# ECON 0150 | Replication Notebook

**Title:** NYC Housing Price Growth

**Original Author:** Chen

**Original Date:** Fall 2024

---

This notebook replicates the analysis from a student final project in ECON 0150: Economic Data Analysis.

## About This Replication

**Research Question:** Which New York boroughs have the highest housing price growth?

**Data Source:** NYC Department of Finance Rolling Sales Data (November 2024 - October 2025)

**Methods:** Chi-square test for independence and descriptive statistics

**Main Finding:** There are significant differences in housing price distributions across NYC boroughs.
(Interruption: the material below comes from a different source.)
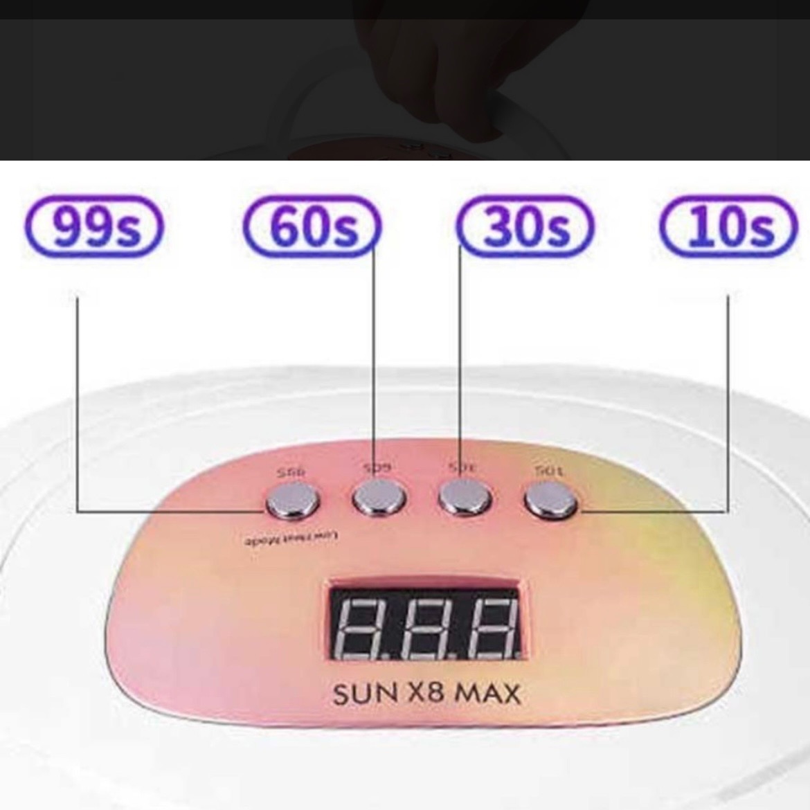 دستگاه های UV مثل یووی سان X8 MAX وسیله ایست که امواج ماوراء بنفش(Ultraviolet)تولید میکند و در اکثر سالنهای مراقبت و زیبایی ناخن برای خشک کردن انواع لاک ژل ها استفاده می گردد.این مدل جدید با لامپ LED ، با ظاهری شیک و فن آوری بالا ، امنیت بالا و صرفه جویی در انرژی لامپ بوسیله لامپ های LED و رنگ بندی متنوع و قابلیت تنظیم زمان برای راحتی بیشتر در هنگام انجام کاشت ناخن را داراست .

Manhattan and Brooklyn have higher median prices than other boroughs.

**Course Concepts Used:**
- Data cleaning and preparation
- Combining multiple data sources
- Chi-square test
- Descriptive statistics by group

---
## Step 0 | Setup

In [None]:
# Imports
import pandas as pd
import numpy as np
import matplotlib.pyplot as plt
import seaborn as sns
import statsmodels.formula.api as smf
from scipy.stats import chi2_contingency

In [None]:
# Load data from course website
base_url = 'https://tayweid.github.io/econ-0150/projects/replications/0011/data/'

# Load sales data for each borough
manhattan = pd.read_csv(base_url + 'manhattan_sales.csv')
bronx = pd.read_csv(base_url + 'bronx_sales.csv')
brooklyn = pd.read_csv(base_url + 'brooklyn_sales.csv')
queens = pd.read_csv(base_url + 'queens_sales.csv')
staten = pd.read_csv(base_url + 'statenisland_sales.csv')
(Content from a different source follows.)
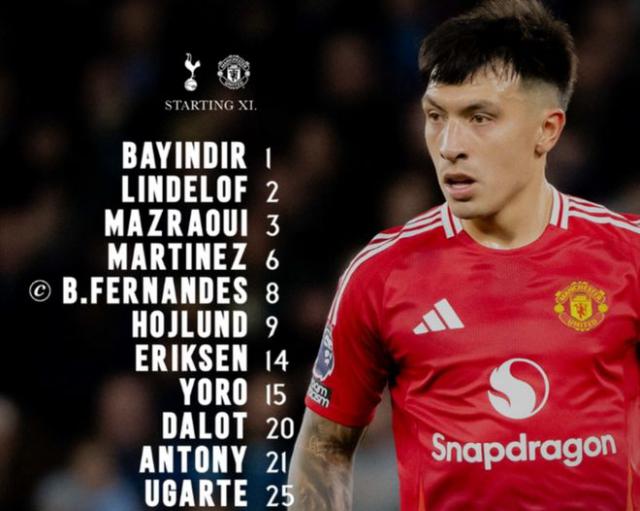 曼联首发:1- 巴因迪尔、2- 林德洛夫、15- 约罗、6- 利桑德罗 - 马丁内斯、3- 马兹拉维、25- 乌加特、8-B 费、14- 埃里克森、20- 达洛特、21- 安东尼、9- 霍伊伦

print(f"Manhattan: {len(manhattan)} sales")
print(f"Bronx: {len(bronx)} sales")
print(f"Brooklyn: {len(brooklyn)} sales")
print(f"Queens: {len(queens)} sales")
print(f"Staten Island: {len(staten)} sales")

---
## Step 1 | Data Preparation

In [None]:
# Add borough labels and combine
manhattan['borough_name'] = 'Manhattan'
bronx['borough_name'] = 'Bronx'
brooklyn['borough_name'] = 'Brooklyn'
queens['borough_name'] = 'Queens'
staten['borough_name'] = 'Staten Island'

# Combine all boroughs
data = pd.concat([manhattan, bronx, brooklyn, queens, staten], ignore_index=True)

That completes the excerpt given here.